Segment Start: EXCERPTED DATA

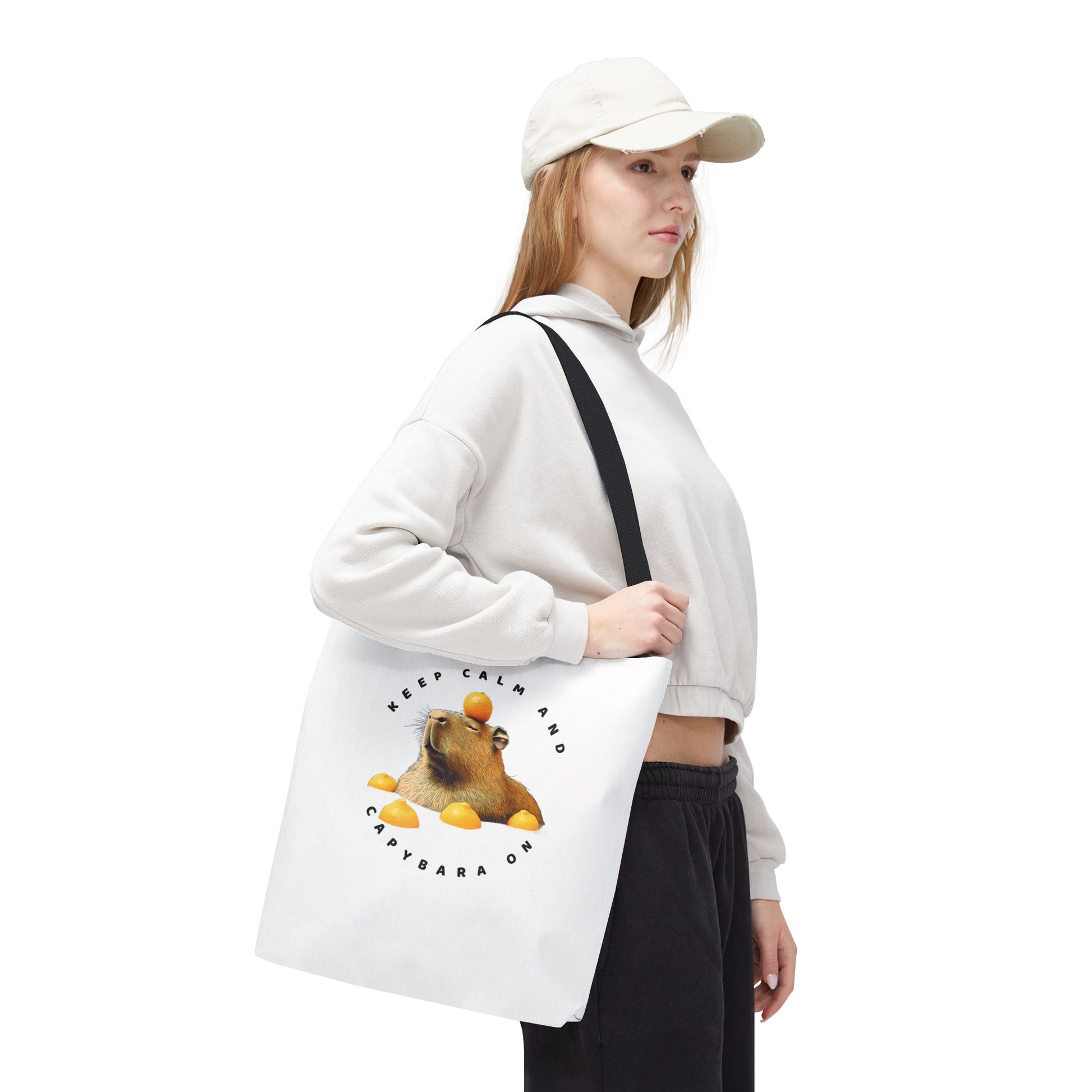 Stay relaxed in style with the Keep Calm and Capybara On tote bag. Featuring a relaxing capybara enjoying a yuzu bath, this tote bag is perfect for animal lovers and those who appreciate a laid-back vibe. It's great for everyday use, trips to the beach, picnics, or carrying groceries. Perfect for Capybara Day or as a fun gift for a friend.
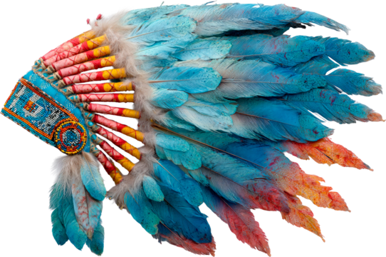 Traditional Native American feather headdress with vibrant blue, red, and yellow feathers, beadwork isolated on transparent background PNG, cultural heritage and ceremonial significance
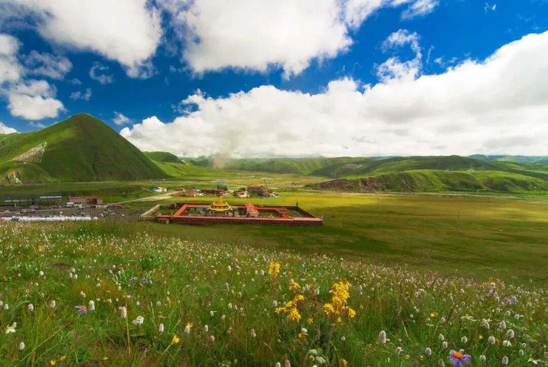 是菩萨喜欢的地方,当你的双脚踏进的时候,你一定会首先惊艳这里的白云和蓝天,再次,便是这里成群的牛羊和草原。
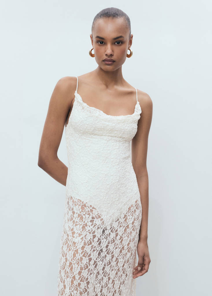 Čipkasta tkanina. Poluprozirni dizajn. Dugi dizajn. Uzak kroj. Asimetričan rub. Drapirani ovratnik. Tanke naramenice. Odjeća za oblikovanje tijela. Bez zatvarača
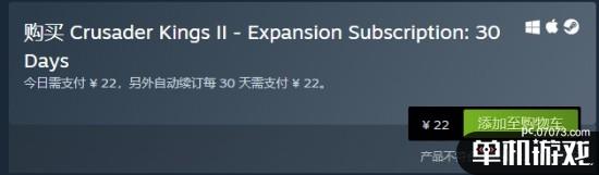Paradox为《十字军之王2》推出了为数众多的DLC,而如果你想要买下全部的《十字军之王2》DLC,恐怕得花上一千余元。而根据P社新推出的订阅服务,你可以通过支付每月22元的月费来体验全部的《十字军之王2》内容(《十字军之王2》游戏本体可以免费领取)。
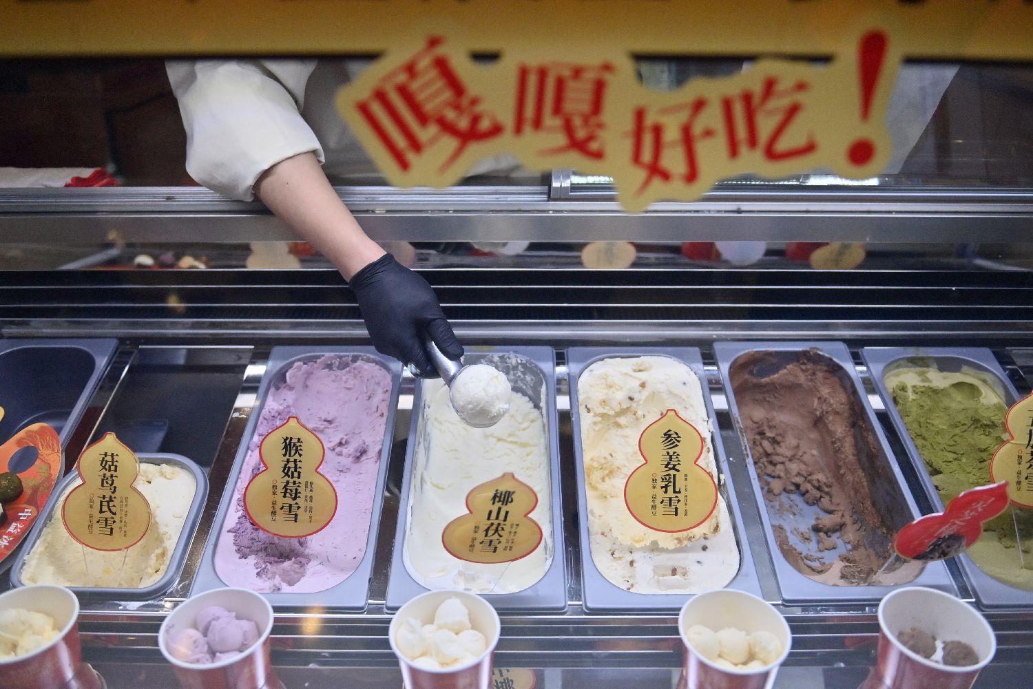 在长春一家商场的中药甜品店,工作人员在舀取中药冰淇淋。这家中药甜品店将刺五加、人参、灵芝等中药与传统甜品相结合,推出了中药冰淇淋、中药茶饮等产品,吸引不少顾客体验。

Segment End: EXCERPTED DATA

→ **YOUR INSTRUCTIONS**
Among the entries above, take the lines from the one with "Traditional Native American" through the one with "Čipkasta tkanina. Poluprozirni" and retype them exactly, leaving out the pictures.

→ **WRITTEN SOLUTION**
 Traditional Native American feather headdress with vibrant blue, red, and yellow feathers, beadwork isolated on transparent background PNG, cultural heritage and ceremonial significance
 是菩萨喜欢的地方,当你的双脚踏进的时候,你一定会首先惊艳这里的白云和蓝天,再次,便是这里成群的牛羊和草原。
 Čipkasta tkanina. Poluprozirni dizajn. Dugi dizajn. Uzak kroj. Asimetričan rub. Drapirani ovratnik. Tanke naramenice. Odjeća za oblikovanje tijela. Bez zatvarača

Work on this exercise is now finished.